1. cool the solvent to decrease the overall solubility in the solvent volume
2. add an antisolvent which changes the quality of the solvent system and lowers the solubility
3. add an antisolvent and then cool

As a rule of thumb, if the recovery is 80% or more at ambient temperature, simply cooling the solvent can be expected to give an excellent recovery. If the recovery is 40-80% at ambient temperature cooling should be applied and then an antisolvent judiciously added, but when the starting recovery is less than 40% an antisolvent should be added to just the cloud point and then cooling should be applied.

Treatment is completely reversible. What you cool down you can rewarm so this is usually tried first.

If treatment 2 is used it is useful for the analysis of the results to take a sample of the solid obtained just by cooling in order to measure the purity at that point, then add the antisolvent to give a practical recovery and compare the purity of the product when using an anti-solvent with the purity before that addition.

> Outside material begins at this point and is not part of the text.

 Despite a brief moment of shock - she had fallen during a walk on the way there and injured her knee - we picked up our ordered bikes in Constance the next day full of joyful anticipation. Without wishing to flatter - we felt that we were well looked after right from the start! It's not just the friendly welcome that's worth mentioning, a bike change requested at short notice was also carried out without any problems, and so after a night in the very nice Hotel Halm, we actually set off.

When the solid formation in the single solvent condition is low or none, an anti-solvent is added to the cloud point either to a hot or ambient solution and then controlled cooling is applied to try for crystallization.

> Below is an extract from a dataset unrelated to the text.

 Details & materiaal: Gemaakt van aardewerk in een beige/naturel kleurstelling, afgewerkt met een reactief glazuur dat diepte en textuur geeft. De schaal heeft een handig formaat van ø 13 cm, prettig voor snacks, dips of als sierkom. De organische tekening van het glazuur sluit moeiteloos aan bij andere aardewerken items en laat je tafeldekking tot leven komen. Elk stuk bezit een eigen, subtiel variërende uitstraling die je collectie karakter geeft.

Mixtures of solvents are not preferred in scale-up processes because it introduces the need for an in-process test to guarantee the proper solvent ratio. Additionally, second crops are more difficult to obtain from a mixed solvent without complicating your procedure.   Nevertheless, situations wherein a mixed solvent gives the best purification and recovery do occur.  It is an advantage if two solvents in such a case differ substantially in their boiling points. This allows the recovery of pure solvents from the filtrate. It is particularly advantageous if the better solvent for the substrate is the lower boiling solvent.

Solvents that form an azeotrope with water have the advantage that it is easier to be sure that the crystallization is done under anhydrous conditions.